'Civmec is well-placed to capitalise on the government’s defence spending in the mid-long term'
Maybank Securities and UOB Kay Hian have maintained their positive views on Civmec following its recent earnings growth reported for FY2023.
For the year to June 30, the Australia-based engineering firm reported earnings of A$57.7 million, up 13.7% y-o-y, driven by all-round growth across its various business segments.
Shareholders are to be rewarded with a full-year dividend of 5 Australia cents per share, up by two thirds over the preceding FY2022 ended June 2022.
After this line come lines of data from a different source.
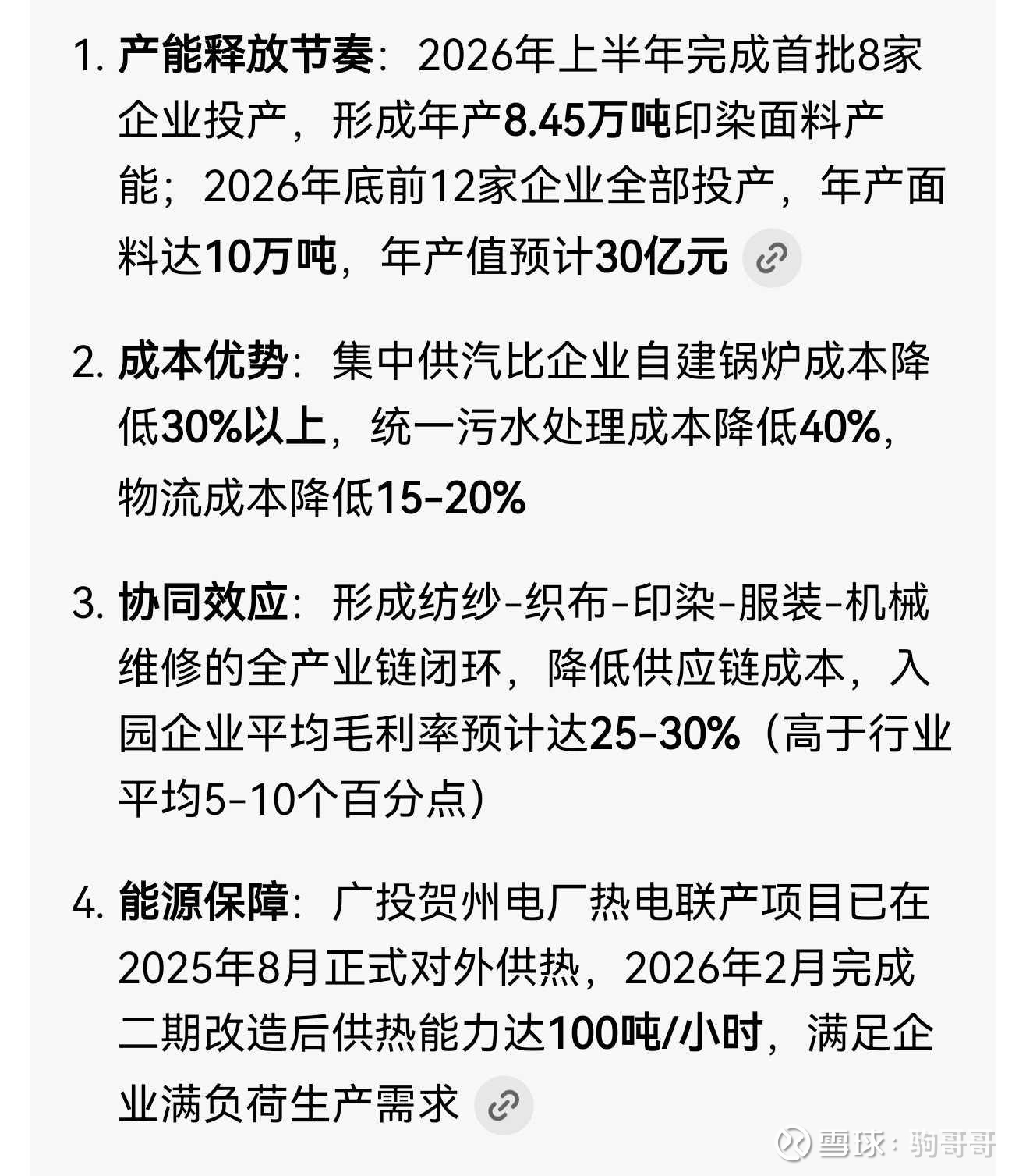 为什么要改造呢?是因为贺州为了承接广东地区产业转移(离广东近)在做一个大型电热绿色园区,贺州仁信热电联产绿色科技园。这个园区主要承接部分印染,纺织产业的转移(需要热能)。而贺州电厂已经在2025年8月重新并网发电,那么在25年四季度,以及26年开始将逐步恢复正常大幅减少火电亏损甚至盈利。园区已经签约12家企业,未来满员30家左右,电厂改造和重新并网供热的时间线,以及园区企业投产的时间线。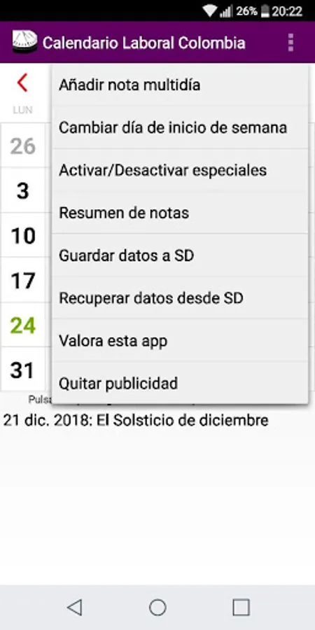 - ACTIVATE/DISABLE SPECIAL DATES. Activate or deactivate the special dates in Colombia (days indicated in green) according to your preference, so that they are not displayed automatically.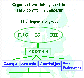 The European Commission for the Control of Foot-and-Mouth Disease and the EC are providing financial support (US$340 000) to ARRIAH for the establishment of a buffer zone in the Caucasian region. Preventive vaccination zones against types O and A were established in 1999 in the Caucasian republics of the Russian Federation and in the districts of Armenia, Azerbaijan and Georgia along the borders with Turkey and Iran. Vaccination against Asia 1 should also be carried out in the spring of 2000. Activities in the region are coordinated under the FAO/EC/OIE tripartite group, as shown in the figure above. (Source: EUFMD.)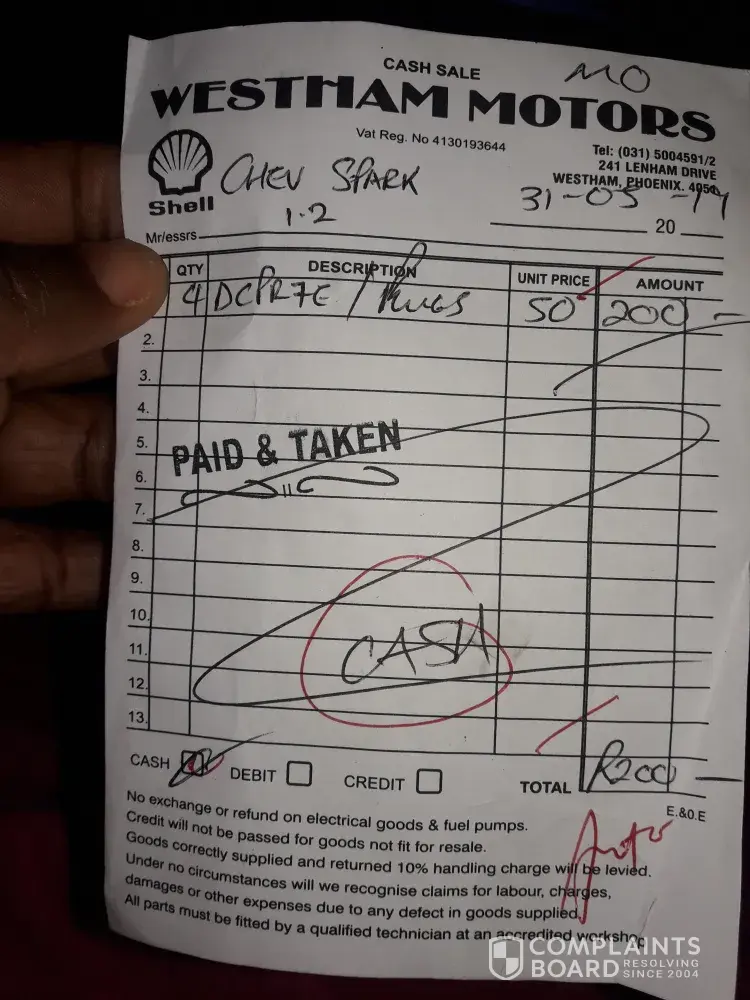 I want to complaint about CMH Opel Umhlanga. They have a poor service. On the 23/02/2019 I went to service my car it was a major services. Nothing was done in my car because all the noise I told them was still there after the services. Worse part on the 29 May while I was going to cornubia mall I saw a sign which I dont understand so i decided to went to CMH Opel Umhlanga so that the can check my car. They told me that they can test the car. After test nothing was given to me in was told that may be the Bettry was low. There have no time to give what was the reason. They told me to leave and said the said will run away. And I was told to come back and pay if sign is still there. When I left there sign was still there the car was unable to move. CMH failed to assist me and m unhappy about that. Then I decide to find michenica to assist me he put the car in the machine and gave me print out of what wrong with a car. Plugs were old because CHM OPel umhlanga never changed it when I came for services I'm very upset with their services. I had to buy new plugs which costs me a lot of money. And I have to pay a labour as well. According to CMH plugs were changed but never given to me after taken out. I miss Williams hunts where I bought my car service was good and there were normally give me what they have taken out. Even on a minor service they also rob me and they never informed me about old brakes and pad. I had to find mechanica to do it for me. I will not recomm CMH to anyone because they are taking advantage of women. I was using CMH so that my car will last longer but it is useless. I angry for what they did to me. Can I be paid back my money because nothing's was done to my car. Labour cost me R350. I will attached slips.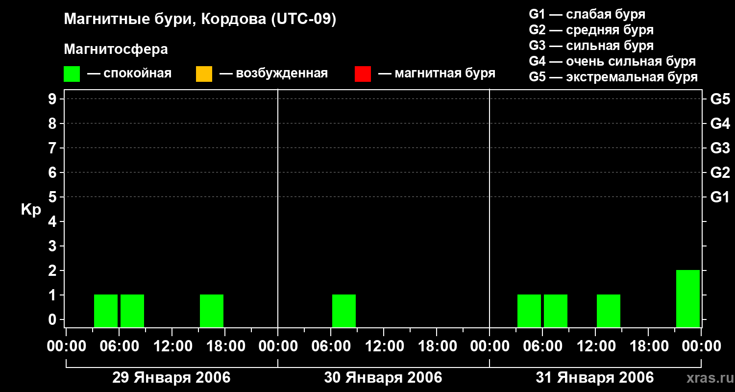 Изменения геомагнитного индекса Kp с 29 по 31 января 2006 года для средних широт

In his Aug 20 note, Maybank analyst Eric Ong, who has maintained his "buy" call, raised his target price to $1.05 from $1, which is pegged to 10x current FY2024 earnings, up from a valuation multiple of 9x previously.
Ong notes that Civmec was able to defend its margins as the company managed to eke out better efficiency.
However, Ong observes that the company will be more targeted in securing new wins, despite bouyant tendering activity across the various segments.
"We think Civmec is well-placed to capitalise on the government’s defence spending in the mid-long term," says Ong, adding that the company has built up an order book worth some A$1.15 billion as at June 30, up 10.6% y-o-y.
Ong notes that Civmec has been able to reduce its bank borrowings and has even turned into a net cash position with a balance of A$13.9 million, which should enable it to sustain its dividend payout ratio, thus providing a prospective yield of 5-6%.
Cheong believes that Civmec is well-positioned to win more major projects even as it becomes more selective.
In his note on Aug 30, UOB Kay Hian's John Cheong maintained his "buy" call and $1.23 tarte price, which is pegged to 11x FY2024 earnings estimate, versus just 8x currently.
Cheong notes that Civmec's Australia-listed peers are trading at an average of 15 x FY2024.